Overview
Morphine is often called ‘God’s own medicine’ because it relieves intense pain. Isolated in 1805, it became widely used after the syringe was invented. While injectable morphine caused high addiction, the oral tablet is safer and cheaper.
Key Developments
- 2001: The Union Health Ministry relaxed rules, allowing a single State Drug Control Office to approve RMI status for tablet morphine. Kerala and Tamil Nadu led the change.
- 2014‑2015: Amendments created the category of ENDs. Only the State Drug Controller now needs to approve RMIs for ENDs.
- 2021‑2026: Most Indian states have adopted the tablet form, making it widely available and inexpensive.
Important Facts
- After the NDPS Act of 1985, morphine consumption fell 92 % in 13 years, leaving India with the lowest global usage.
- Oral tablets provide about one‑third the potency of injectables but can be titrated without a dose ceiling until pain is controlled.
- Side‑effects such as constipation and nausea are easily managed with standard medicines.

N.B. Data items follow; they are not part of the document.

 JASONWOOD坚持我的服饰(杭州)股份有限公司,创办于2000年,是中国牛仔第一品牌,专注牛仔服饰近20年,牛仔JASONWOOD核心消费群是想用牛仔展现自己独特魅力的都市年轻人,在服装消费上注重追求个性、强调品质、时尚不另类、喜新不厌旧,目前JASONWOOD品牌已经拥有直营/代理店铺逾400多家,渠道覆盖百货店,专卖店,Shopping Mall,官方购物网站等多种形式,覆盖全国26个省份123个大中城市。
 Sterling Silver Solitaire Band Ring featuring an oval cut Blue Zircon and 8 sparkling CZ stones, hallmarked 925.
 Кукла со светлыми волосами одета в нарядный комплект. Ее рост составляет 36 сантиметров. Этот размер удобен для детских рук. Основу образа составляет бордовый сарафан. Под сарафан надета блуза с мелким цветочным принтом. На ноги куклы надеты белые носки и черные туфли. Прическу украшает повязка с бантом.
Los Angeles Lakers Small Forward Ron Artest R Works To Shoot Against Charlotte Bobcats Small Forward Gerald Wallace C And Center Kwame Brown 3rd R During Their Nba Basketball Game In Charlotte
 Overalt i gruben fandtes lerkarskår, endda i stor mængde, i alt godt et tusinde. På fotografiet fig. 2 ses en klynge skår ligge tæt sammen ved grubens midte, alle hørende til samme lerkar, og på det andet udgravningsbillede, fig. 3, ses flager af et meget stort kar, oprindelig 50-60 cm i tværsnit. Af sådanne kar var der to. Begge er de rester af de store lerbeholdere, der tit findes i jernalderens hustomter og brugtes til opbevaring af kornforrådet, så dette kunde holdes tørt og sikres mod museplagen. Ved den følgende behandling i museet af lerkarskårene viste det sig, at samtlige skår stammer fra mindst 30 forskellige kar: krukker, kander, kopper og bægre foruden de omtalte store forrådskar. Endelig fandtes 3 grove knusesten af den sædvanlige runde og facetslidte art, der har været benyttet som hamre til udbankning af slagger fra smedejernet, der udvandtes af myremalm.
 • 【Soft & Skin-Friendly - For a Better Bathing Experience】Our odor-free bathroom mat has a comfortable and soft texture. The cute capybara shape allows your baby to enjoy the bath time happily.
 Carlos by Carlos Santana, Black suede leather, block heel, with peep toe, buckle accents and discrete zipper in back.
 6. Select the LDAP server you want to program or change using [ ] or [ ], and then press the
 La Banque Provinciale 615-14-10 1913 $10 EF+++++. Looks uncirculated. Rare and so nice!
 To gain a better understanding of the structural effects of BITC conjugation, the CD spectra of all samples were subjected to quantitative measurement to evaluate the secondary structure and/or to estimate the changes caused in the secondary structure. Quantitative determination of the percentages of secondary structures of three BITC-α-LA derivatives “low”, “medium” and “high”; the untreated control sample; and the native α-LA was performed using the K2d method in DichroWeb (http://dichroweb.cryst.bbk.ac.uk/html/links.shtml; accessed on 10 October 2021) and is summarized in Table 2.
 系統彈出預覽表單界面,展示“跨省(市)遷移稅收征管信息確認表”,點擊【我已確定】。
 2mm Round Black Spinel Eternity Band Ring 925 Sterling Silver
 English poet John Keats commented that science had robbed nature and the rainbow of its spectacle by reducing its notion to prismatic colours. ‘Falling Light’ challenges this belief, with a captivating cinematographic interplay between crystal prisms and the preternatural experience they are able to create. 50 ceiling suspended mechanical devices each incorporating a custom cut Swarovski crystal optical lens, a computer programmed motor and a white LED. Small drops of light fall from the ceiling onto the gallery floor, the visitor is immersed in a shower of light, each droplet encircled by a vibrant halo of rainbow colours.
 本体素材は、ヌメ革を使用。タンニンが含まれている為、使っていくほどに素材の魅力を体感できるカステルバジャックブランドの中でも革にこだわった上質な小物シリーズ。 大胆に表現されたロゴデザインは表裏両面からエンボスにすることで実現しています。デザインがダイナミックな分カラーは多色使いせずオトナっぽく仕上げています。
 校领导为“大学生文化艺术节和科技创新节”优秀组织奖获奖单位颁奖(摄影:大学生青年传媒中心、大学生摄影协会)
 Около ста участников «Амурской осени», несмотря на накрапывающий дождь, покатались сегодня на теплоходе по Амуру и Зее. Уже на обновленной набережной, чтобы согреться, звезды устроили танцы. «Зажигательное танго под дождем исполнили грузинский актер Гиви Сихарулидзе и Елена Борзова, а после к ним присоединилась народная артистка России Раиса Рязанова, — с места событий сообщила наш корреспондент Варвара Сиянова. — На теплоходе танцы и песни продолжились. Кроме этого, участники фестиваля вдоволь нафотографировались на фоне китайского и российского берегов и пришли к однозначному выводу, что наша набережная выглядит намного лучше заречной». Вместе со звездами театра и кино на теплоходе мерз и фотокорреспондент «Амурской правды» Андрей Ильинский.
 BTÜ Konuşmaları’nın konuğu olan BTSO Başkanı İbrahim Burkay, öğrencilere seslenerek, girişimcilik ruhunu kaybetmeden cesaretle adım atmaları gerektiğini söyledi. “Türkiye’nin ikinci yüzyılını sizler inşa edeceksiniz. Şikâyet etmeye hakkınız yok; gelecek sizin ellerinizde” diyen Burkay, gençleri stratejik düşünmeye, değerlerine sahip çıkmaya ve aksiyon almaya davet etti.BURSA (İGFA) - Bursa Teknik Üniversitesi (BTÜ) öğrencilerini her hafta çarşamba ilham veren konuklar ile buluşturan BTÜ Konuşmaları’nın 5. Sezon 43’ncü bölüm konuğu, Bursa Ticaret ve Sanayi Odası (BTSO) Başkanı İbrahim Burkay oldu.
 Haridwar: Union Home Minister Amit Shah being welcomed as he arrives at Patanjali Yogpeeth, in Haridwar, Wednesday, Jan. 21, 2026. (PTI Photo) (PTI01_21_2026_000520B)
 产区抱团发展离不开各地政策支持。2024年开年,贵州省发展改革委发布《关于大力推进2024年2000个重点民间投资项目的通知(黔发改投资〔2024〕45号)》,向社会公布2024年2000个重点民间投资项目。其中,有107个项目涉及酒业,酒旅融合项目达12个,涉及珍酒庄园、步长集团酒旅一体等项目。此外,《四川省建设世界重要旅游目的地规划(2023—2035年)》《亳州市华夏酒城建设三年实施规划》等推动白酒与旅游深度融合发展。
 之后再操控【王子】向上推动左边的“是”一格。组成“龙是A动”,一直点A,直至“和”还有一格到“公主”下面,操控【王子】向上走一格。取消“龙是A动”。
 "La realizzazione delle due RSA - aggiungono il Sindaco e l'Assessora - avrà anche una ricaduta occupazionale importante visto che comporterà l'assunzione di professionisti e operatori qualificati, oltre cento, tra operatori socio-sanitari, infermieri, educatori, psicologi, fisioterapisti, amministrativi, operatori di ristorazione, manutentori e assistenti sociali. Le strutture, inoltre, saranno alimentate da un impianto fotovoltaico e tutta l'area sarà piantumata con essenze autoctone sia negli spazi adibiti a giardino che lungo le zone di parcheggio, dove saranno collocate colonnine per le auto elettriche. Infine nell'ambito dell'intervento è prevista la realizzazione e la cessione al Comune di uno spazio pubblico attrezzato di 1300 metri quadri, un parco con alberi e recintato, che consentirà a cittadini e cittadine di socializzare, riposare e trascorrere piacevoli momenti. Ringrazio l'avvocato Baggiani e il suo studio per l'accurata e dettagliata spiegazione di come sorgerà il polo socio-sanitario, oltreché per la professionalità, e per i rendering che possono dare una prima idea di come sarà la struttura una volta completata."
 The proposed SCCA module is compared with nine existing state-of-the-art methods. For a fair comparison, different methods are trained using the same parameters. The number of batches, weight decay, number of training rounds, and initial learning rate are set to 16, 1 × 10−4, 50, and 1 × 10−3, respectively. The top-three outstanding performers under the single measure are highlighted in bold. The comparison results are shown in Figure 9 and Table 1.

- The WHO Step‑Ladder of 1986 still guides pain management.
Exam Relevance
The morphine story touches several GS papers. It illustrates health policy formulation (GS3), the role of legislative reforms under the NDPS Act (GS2), and the ethical imperative of palliative care (GS4: Ethics). Understanding how palliative care integrates with public health helps answer questions on disease burden and health‑system strengthening.
Way Forward
- Increase awareness among doctors about the low addiction risk of oral Morphine tablets.
- Streamline the RMI licensing process to a single‑window system at the state level.
- Conduct regular training on ENDs handling and palliative‑care protocols.
- Monitor consumption data to ensure adequate supply without fostering misuse.